In some families, when more than one child is studying the piano, a sense of rivalry can develop. Sometimes a younger sibling feels discouraged because they aren’t learning as fast as an older sibling. Sometimes it’s the younger sibling who progresses faster than an older sibling, which can be a big challenge for the older sibling.
So how do you help with that?
Number one, set some ground rules for the family. Always speak positively about others. Don’t emphasize comparisons, or better yet, don’t compare at all! Talk about accomplishments in the framework of each child’s own personal progress and not in reference to another child’s progress.
Emphasize hard work the most. Hard work and consistent practice should be praised highly. Praise that more than how fast a child is learning songs.
The Pitfall of Comparison
At the core of this issue is a human tendency to base our success on how well we do in comparison to others. When I was ten years old, my dad held me back a year in little league baseball so that he could coach both me and my little brother on the same 8-9 year old team. That year I was the superstar of baseball. I was hitting home runs. The pitchers were intentionally walking me, even with the bases loaded. It was great. Then the next year I went up to the next league and I ended up playing outfield. I was not a star player any more. In the year that I was the best player in the league I thought I was really good, and it was really fun. The next year, when I was less than average, I didn’t feel very good, and I actually quit at the end of that season.

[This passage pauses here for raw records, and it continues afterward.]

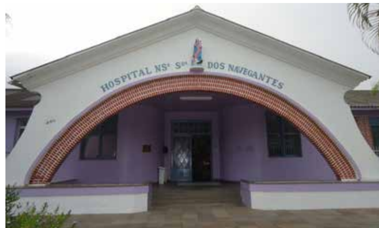
Fachada do Hospital de Torres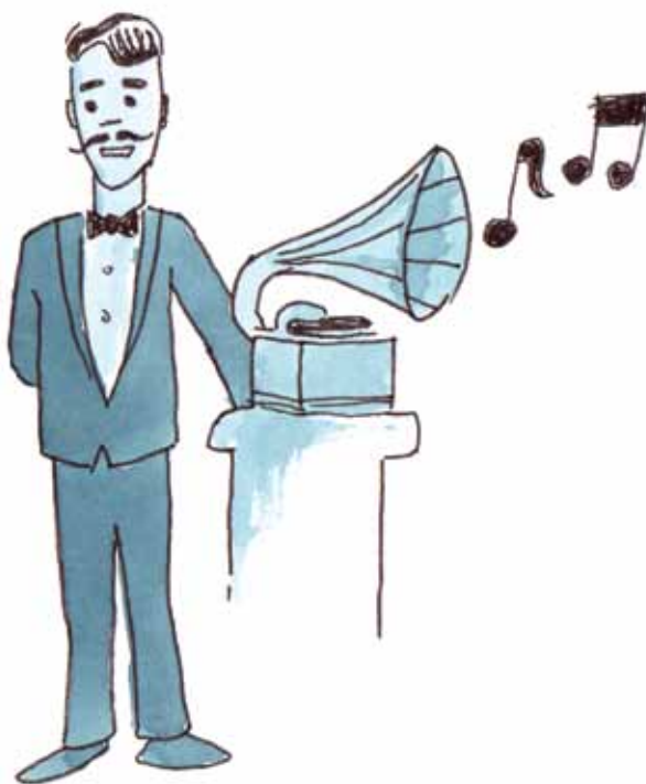
Illustration: Søren Amstrup

Her kom Frivilligcenter SR-Bistand på banen for første gang. Grundlaget for vores frivilligcenter blev skabt, da en gruppe socialrådgivere, i forbindelse med vedtagelsen af Bistandsloven i 1975, dannede en "alternativ socialrådgivning". Hos os kunne borgere søge hjælp, hvis de følte sig uretfærdigt behandlet i det offentlige system, der med Bistandsloven fik adgang til at udmåle hjælp individuelt og ikke kun takstmæssigt.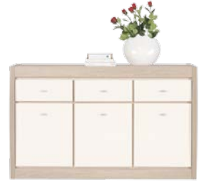
AX 5 szafka szer./gt./wys. 1444/415/898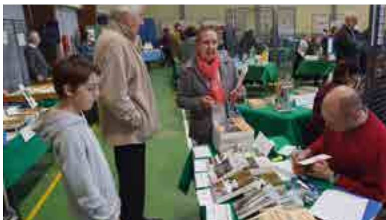
L'écrivain Alain Frisch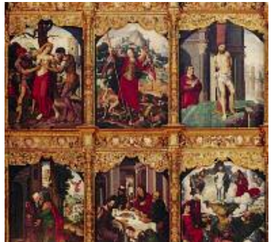
Retablo de la Parroquia de San Juan Bautista

La Parroquia de San Juan Bautista posee un impresionante retablo, obra de los primeros años del siglo XVI, con veintiuna tablas entre pilastras y adornos de madera tallada y estofada.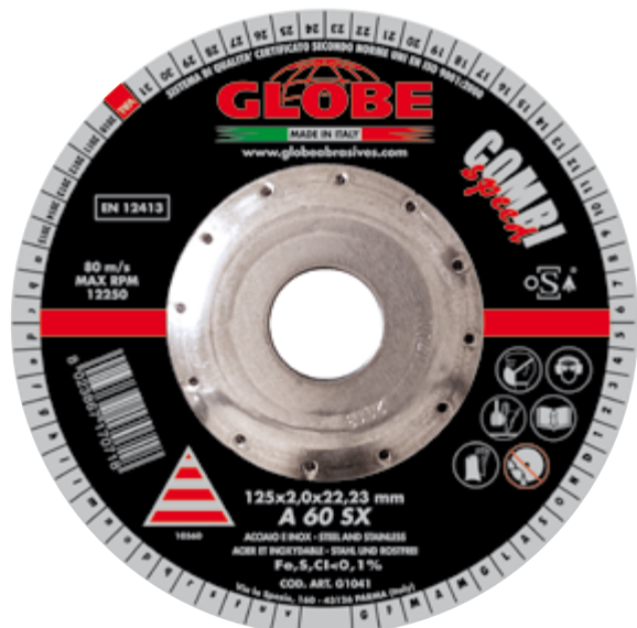
Combi Speed A 60 SX Ø 115, Ø 125 (x2,0 x 22,23mm)

Unfortunately, the same can happen with piano if kids start comparing themselves to others. Piano should be fun because piano is fun, not because you’re the best. Being the best has nothing to do with it. We want kids to learn to focus on their own enjoyment and progress.
What Really Counts
Fast forward a few years. I was one of the best pianists in my high school. I was the rock star of piano, accompanying the high school choir and taking lessons from a professional concert pianist. But then I graduated and went to college at Brigham Young University, which has a very competitive music program, and I felt like I was one of the worst. It was hard for me not compare myself to the other music students. At first I wasn’t sure I wanted to be a music major at all. I had to realize that other people being really amazing didn’t make me less. Other people’s success did not change my success. I decided that I loved piano, and because of that I wanted to become a music teacher.
And that’s what I’m still doing today.
It doesn’t matter who is best. It matters what you love.